Key rules provisions include the following:

  • A TDU cannot enter, renew, or extend any TEEEF lease unless the TEEEF has a maximum generation capacity of five megawatts or less; is mobile; is capable of being moved from its staged location in less than 12 hours; and can generate electric energy within three hours after being connected to a demand source. These provisions largely follow the language of SB 231.
  • Rules establishing for when a TDU may enter, renew, or extend a lease involving a TEEEF with and without prior PUC authorization.
    Rules establishing that if a TDU enters a TEEEF lease without prior PUC authorization, that it must provide during its next base rate case sufficient documentation to support its reasonableness, necessity, and prudence.
  • Rules specifying that the PUC may initiate a contested case proceeding to review a lease entered with an alteration provision to determine whether the public interest requires the alteration or termination of the lease. PUC staff, the utility, the Office of Public Utility Counsel, and other parties — including anyone granted intervenor status in the case — may participate in the proceedings.

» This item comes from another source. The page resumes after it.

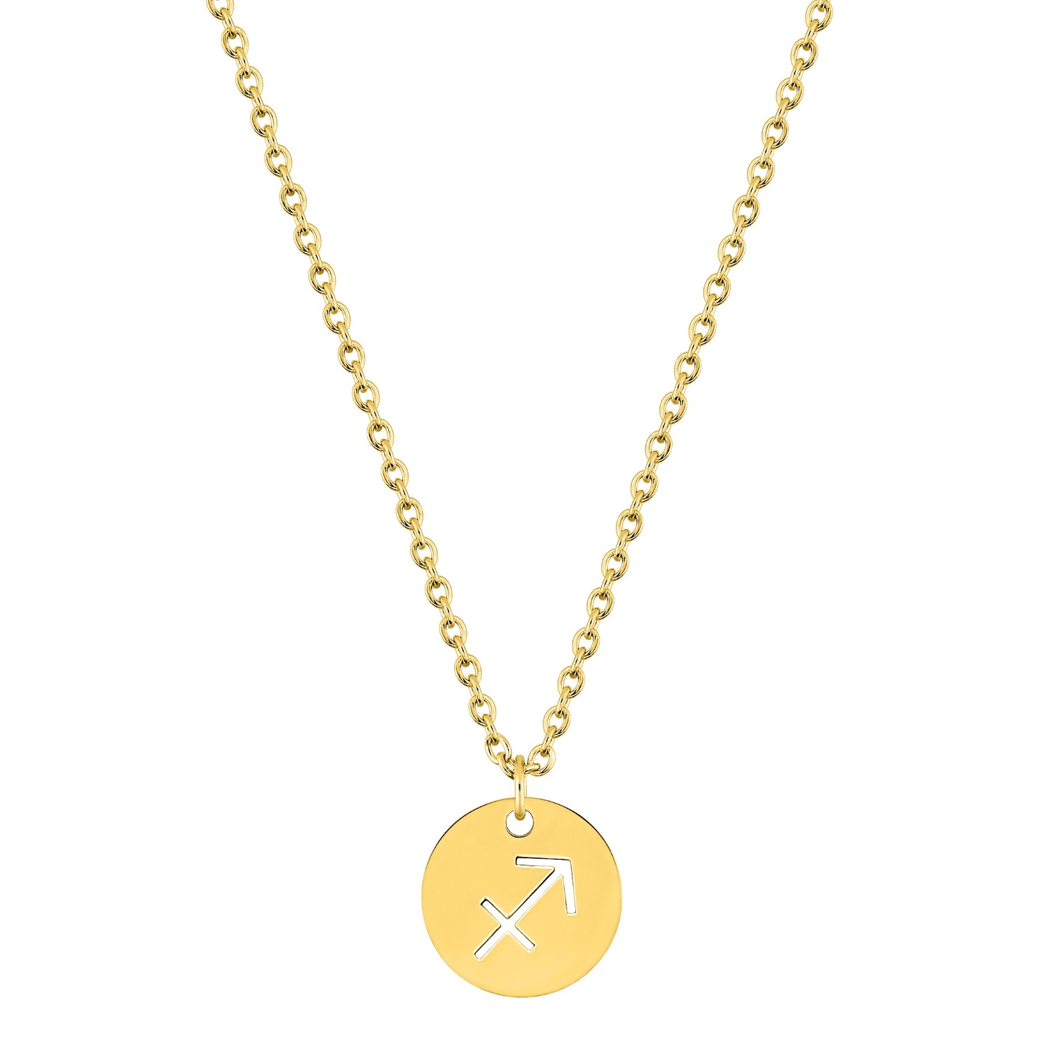 Description Magnifique collier chaîne en acier doré avec un pendentif rond gravé du signe astrologique du sagittaire. Fermoir mousqueton avec 5 cm de rallonge. Longueur 40+5 cm [Guide des tailles] Diamètre 12 mm Matière(s) Acier . L'acier utilisé dans la bijouterie existe sous plusieurs qualités. Nous utilisons principalement la qualité 316L, qualité qui est utilisée en chirurgie. Cet acier est donc inoxydable et reste très résistant. Fermoir Mousqueton Couleur(s) dominante(s) Doré Public Adolescent , Adulte . Genre Femme , Fille . Saison Indémodable . Thème(s) Astrologie . Cliquez sur une matière, un thème, une couleur ou une collection pour voir tous les articles associés.

STEERING COMMITTEE OF CITIES SERVED BY ONCOR (OCSC) RECOMMENDATIONS

  • OCSC proposed that certain new guardrail protections should apply to more than just emergency TEEEF leases. The PUC agreed and included such provisions in the new rules.
  • OCSC recommended that the PUC’s discretion to alter leases be extended beyond only those instances when TEEEF expenses are found imprudent in a ratemaking proceeding. The PUC adopted language supporting this recommendation.
  • The PUC adopted language favored by OCSC that gives the agency discretion to determine when it is necessary to initiate a review of a TEEEF lease. Under the language, the commission can initiate an action to alter a lease at any time.
  • In agreement with OCSC, the commission agreed to rules giving the agency the ability to initiate a proceeding to alter a lease if a TDU fails to meet various requirements. The new rules do not specify the circumstances that will trigger such a commission review.
  • OCSC recommended that the commission’s actions to alter a lease include a process for stakeholder comments. In response to that and other OCSC recommendations, the new rules specify the commission’s review of a TEEEF lease will involve a contested case proceeding.

LEGISLATIVE HISTORY

Sen. King’s SB 231 from 2025 is not the first emergency mobile generation law adopted by the Texas Legislature. Rather, the first came in 2021, with the passage of HB 2483, also by King.

Houston’s CenterPoint Electric then leveraged that 2021 law to enter into lease agreements for 33 mobile generation units, at a cost, according to King, of nearly $1 billion. These leases were by far the most extensive and expensive by any utility statewide. However, these “emergency” units for the most part remained idle during their first true test: recovery efforts after devastating Hurricane Beryl also occurring in 2021.

Expressing outrage at what he described as CenterPoint’s misuse of his 2021 TEEEF legislation, King then pushed for reforms through his follow-up 2025 law.

The new SB 231 TEEEF rules take effect on March 1. You can find more information on the PUC website, under Docket No. 58392.